>>>>>

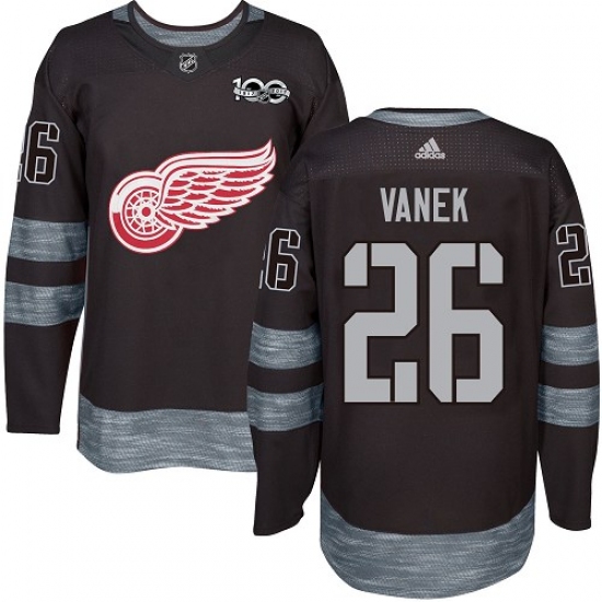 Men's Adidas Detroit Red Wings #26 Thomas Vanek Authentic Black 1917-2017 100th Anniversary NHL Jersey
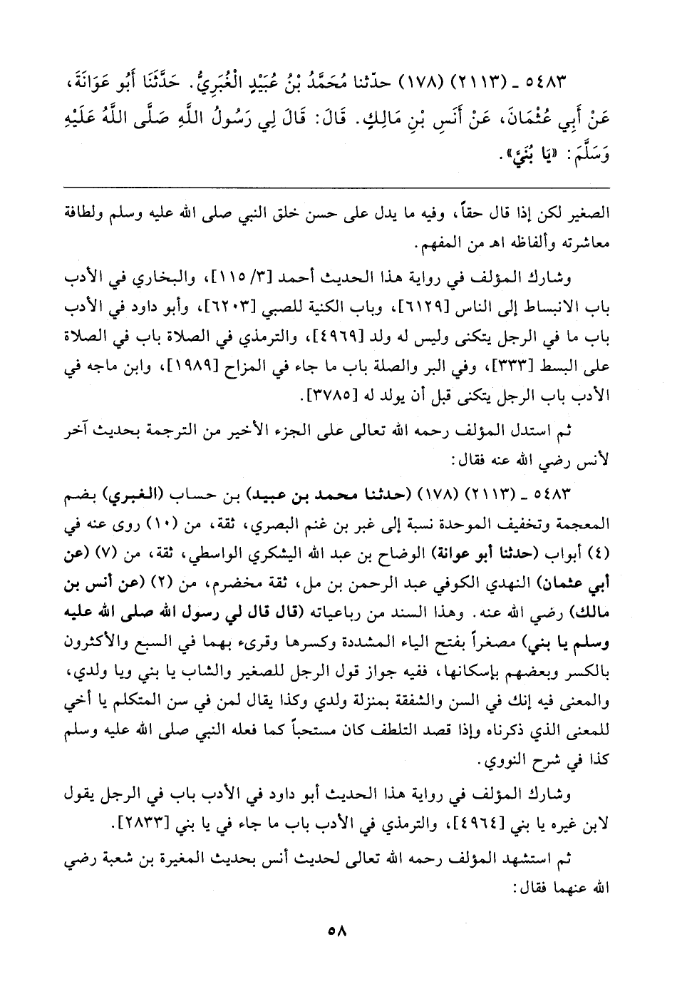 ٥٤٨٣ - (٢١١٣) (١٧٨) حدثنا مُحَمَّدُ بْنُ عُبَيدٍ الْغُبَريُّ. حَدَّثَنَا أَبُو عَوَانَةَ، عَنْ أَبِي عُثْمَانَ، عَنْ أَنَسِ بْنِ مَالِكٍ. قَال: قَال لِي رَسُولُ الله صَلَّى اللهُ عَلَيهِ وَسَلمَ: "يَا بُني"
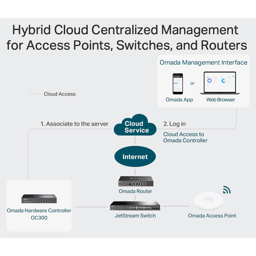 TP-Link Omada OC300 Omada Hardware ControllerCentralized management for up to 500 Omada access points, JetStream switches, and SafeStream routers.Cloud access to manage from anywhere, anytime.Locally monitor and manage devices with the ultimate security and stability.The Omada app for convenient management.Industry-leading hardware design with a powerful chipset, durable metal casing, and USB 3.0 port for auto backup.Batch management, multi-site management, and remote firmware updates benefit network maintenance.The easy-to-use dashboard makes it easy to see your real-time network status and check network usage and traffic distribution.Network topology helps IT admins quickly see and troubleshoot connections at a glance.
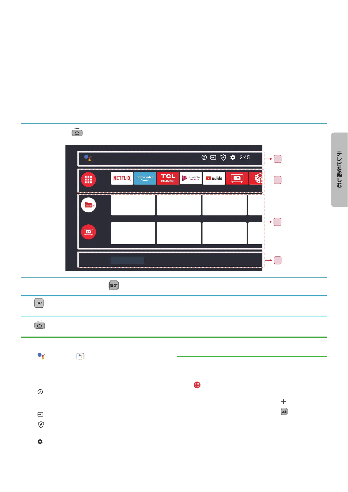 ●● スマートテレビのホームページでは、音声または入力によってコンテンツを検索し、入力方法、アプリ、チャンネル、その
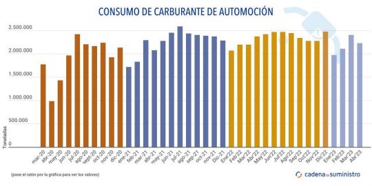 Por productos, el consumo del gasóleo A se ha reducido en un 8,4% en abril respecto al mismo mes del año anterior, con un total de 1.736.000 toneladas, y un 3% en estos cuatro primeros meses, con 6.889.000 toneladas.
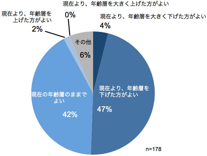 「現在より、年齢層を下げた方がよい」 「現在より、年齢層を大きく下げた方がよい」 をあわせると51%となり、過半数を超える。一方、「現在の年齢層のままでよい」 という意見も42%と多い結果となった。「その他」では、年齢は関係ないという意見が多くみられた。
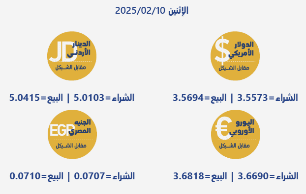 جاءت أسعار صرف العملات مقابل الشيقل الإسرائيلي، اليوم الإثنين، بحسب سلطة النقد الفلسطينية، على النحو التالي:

<<<<<
>>>>>

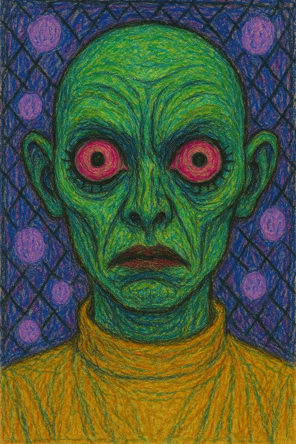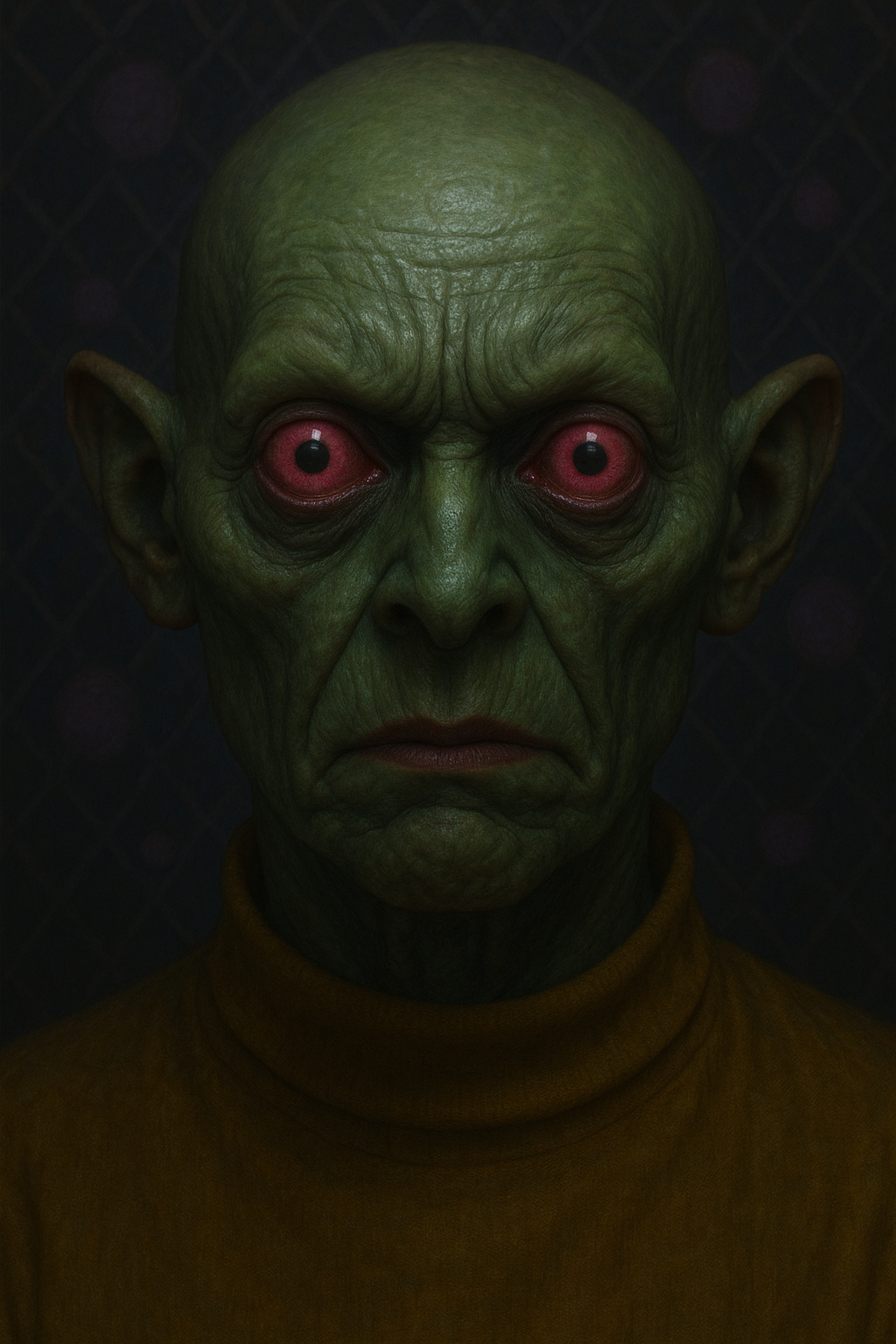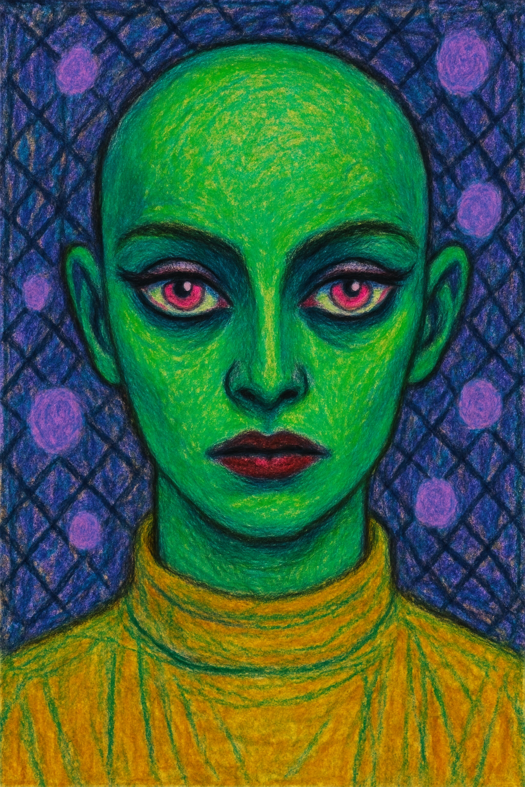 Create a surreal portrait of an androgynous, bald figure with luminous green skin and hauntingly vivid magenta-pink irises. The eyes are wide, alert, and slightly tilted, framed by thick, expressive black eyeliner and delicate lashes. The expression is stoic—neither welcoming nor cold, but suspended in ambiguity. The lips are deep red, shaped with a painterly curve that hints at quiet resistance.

<<<<<
>>>>>

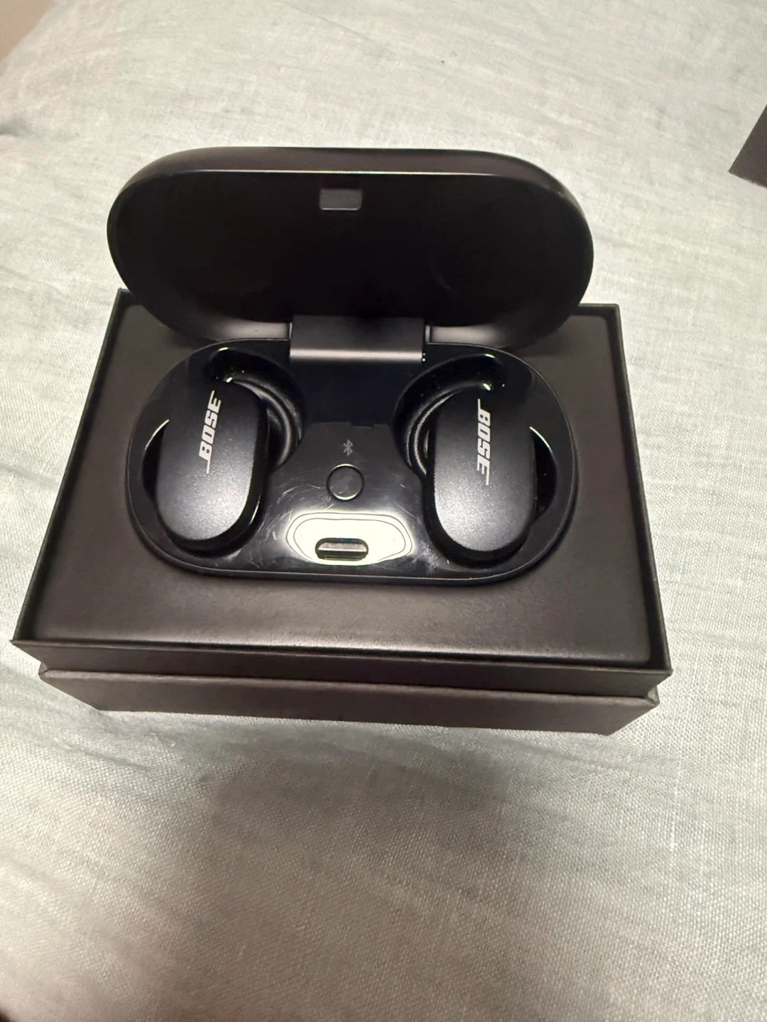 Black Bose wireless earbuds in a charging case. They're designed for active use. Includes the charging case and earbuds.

<<<<<

* **Task prompt**
Copy exactly the lines of the entries above from the one containing "Men's Adidas Detroit" through the one containing "٥٤٨٣ - (٢١١٣)". Both end lines count; pictures do not.

* **Problem solution**
 Men's Adidas Detroit Red Wings #26 Thomas Vanek Authentic Black 1917-2017 100th Anniversary NHL Jersey
 ٥٤٨٣ - (٢١١٣) (١٧٨) حدثنا مُحَمَّدُ بْنُ عُبَيدٍ الْغُبَريُّ. حَدَّثَنَا أَبُو عَوَانَةَ، عَنْ أَبِي عُثْمَانَ، عَنْ أَنَسِ بْنِ مَالِكٍ. قَال: قَال لِي رَسُولُ الله صَلَّى اللهُ عَلَيهِ وَسَلمَ: "يَا بُني"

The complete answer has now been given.